Тогда он все же съел и суп, и все остальное. А потом залез под рояль и притаился там. Люстра сияла всеми своими огнями; засахаренные фрукты в панцире сладкой корочки мерцали в вазе, и красивые дамы, нежные и румяные, как птифуры, улыбались ему. А он смотрел на мать – она совсем не походила на этих благоуханных фей; скромное декольте черного платья только чуточку приоткрывало ее плечи; ее волосы, перехваченные черной, под цвет платья, муаровой лентой, обрамляли щеки; однако при взгляде на нее почему-то не хотелось думать ни о цветах, ни о пышных пирожных, ни о ракушках и голубоватой гальке на морском берегу.

Присутствие… простое человеческое присутствие. Она сновала по гостиной, взад-вперед, в своих крошечных атласных туфельках на слишком высоких каблуках; сновала и улыбалась. Да, улыбалась. А ведь совсем недавно он видел ее сокрушенное лицо, слышал ее тихий, сочувственный голос, утешавший Луизу, а теперь… теперь этот смех! Значит, в жизни есть не только горе? И он стал яростно теребить ковер. Ребенок Луизы умер. Он силился вызвать в памяти этот образ: Луиза, сидевшая на краешке кровати, в слезах. Сам он больше не плакал. Хуже того: сквозь этот застывший в его памяти образ он следил теперь за платьями – сиреневыми, зелеными, розовыми, – и в нем возникали прежние желания: впиться зубами в эти пухлые плечи, зарыться лицом в эти пышно взбитые волосы, скомкать, как лепестки, эти воздушные шелка. Ребенок Луизы умер. Все тщетно. Но это не моя беда. Не моя смерть. Я закрываю глаза, я не двигаюсь, но вспоминаю именно о себе, и его смерть входит в мою жизнь, а я не могу войти в его смерть. Поэтому в тот вечер я забрался под рояль и только позже, в постели, плакал, пока не заснул, из-за того непонятного ощущения, что проникло ко мне в горло вместе с теплым супом, вместе с сознанием еще более жгучим, чем угрызения совести, – сознанием своей вины. Да, вины – потому что я улыбался, пока Луиза – там, внизу – плакала; потому что мои слезы были не такими жгучими, как ее. Потому что я был другим.
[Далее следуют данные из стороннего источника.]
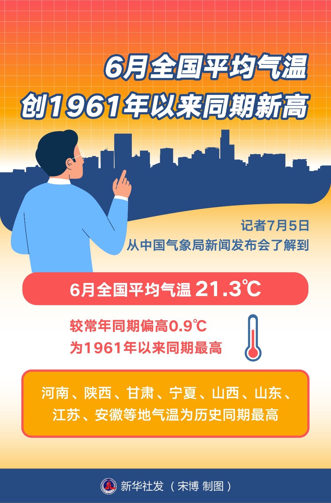 記者7月5日從中國(guó)氣象局新聞發(fā)布會(huì)了解到,6月全國(guó)平均氣溫21.3℃,較常年同期偏高0.9℃,為1961年以來(lái)同期最高。

Однако он был еще слишком мал, чтобы понять. Ему казалось, что чувство вины вошло в него неожиданно, нечаянно, как будто его пальцы, стиснутые в кулак, вдруг разжались, как будто вдруг разжалось горло. Он не подозревал, что эта вина растворена в воздухе, наполнявшем его легкие, в крови, текущей в его венах, в самом тепле его жизни. Он думал, что если сильно постараться, то можно никогда больше не ощутить этот мерзкий вкус. И он старался, он прилежно сидел за школьной партой, где его наивный взгляд скользил по гладкой странице, не знавшей никакого прошлого, светлой, как будущее. Чистый лист, чистый холст, чистая и ледяная земля, мерцающая сквозь грядущие революции. Марсель бросил кисть; на лице Жака кровь – та кровь, что кипит в каждой капле, которую мы сберегли, и в каждой капле, которую пролили. Твоя кровь. Красная – на комке белой ваты, на бинтах, в твоих вздутых и таких ленивых венах; густая тяжелая кровь. «Эту ночь она не переживет!» Ни цветов, ни гроба: мы спрячем тебя в земле. Эта грязь на моих руках, эта грязь на наших душах… кто бы мог подумать?! Ему была неведома тяжесть собственного присутствия. Прозрачный и белый перед белой страницей, он улыбался своему прекрасному разумному будущему.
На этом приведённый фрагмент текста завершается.